• _Brief_:
Starting from the line with "Blending eggs with" and going up to and including the line with "Визуализация и планировка, в", copy the listing below exactly. Leave all images out.

-- Material for this exercise follows --

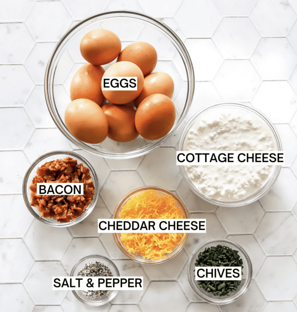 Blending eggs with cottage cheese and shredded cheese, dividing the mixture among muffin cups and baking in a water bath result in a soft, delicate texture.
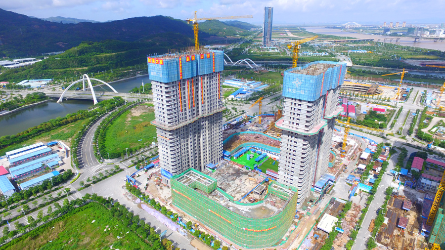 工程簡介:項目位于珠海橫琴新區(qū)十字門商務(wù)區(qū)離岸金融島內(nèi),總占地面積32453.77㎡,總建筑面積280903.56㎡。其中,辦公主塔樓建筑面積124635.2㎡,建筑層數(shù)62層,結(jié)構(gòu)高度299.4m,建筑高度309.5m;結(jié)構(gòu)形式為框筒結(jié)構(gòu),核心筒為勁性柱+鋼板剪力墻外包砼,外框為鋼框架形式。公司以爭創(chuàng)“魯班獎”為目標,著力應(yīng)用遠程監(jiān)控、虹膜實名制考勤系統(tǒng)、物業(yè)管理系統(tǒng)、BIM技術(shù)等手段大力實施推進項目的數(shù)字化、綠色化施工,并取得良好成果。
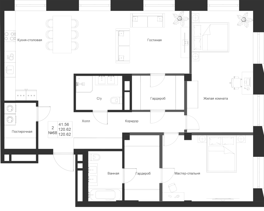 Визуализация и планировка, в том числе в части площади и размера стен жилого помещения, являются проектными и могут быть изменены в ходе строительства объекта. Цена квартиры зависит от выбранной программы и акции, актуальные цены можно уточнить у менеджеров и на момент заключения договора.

-- Material for this exercise concluded --
-- Material for this exercise follows --

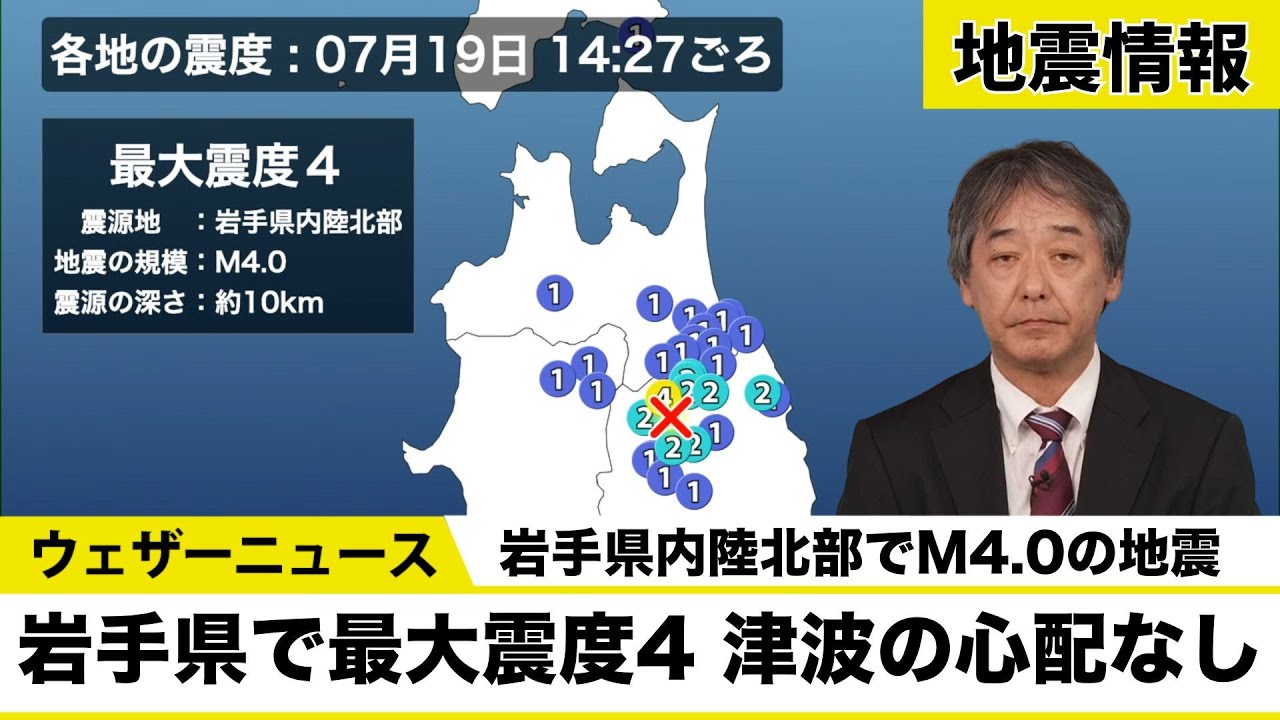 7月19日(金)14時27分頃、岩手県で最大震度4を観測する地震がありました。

-- Material for this exercise concluded --
-- Material for this exercise follows --

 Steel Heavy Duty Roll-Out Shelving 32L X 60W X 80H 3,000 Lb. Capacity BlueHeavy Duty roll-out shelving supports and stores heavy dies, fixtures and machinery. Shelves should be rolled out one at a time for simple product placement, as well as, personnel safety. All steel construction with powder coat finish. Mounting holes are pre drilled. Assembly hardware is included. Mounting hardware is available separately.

-- Material for this exercise concluded --

• _Response area_:
 Blending eggs with cottage cheese and shredded cheese, dividing the mixture among muffin cups and baking in a water bath result in a soft, delicate texture.
 工程簡介:項目位于珠海橫琴新區(qū)十字門商務(wù)區(qū)離岸金融島內(nèi),總占地面積32453.77㎡,總建筑面積280903.56㎡。其中,辦公主塔樓建筑面積124635.2㎡,建筑層數(shù)62層,結(jié)構(gòu)高度299.4m,建筑高度309.5m;結(jié)構(gòu)形式為框筒結(jié)構(gòu),核心筒為勁性柱+鋼板剪力墻外包砼,外框為鋼框架形式。公司以爭創(chuàng)“魯班獎”為目標,著力應(yīng)用遠程監(jiān)控、虹膜實名制考勤系統(tǒng)、物業(yè)管理系統(tǒng)、BIM技術(shù)等手段大力實施推進項目的數(shù)字化、綠色化施工,并取得良好成果。
 Визуализация и планировка, в том числе в части площади и размера стен жилого помещения, являются проектными и могут быть изменены в ходе строительства объекта. Цена квартиры зависит от выбранной программы и акции, актуальные цены можно уточнить у менеджеров и на момент заключения договора.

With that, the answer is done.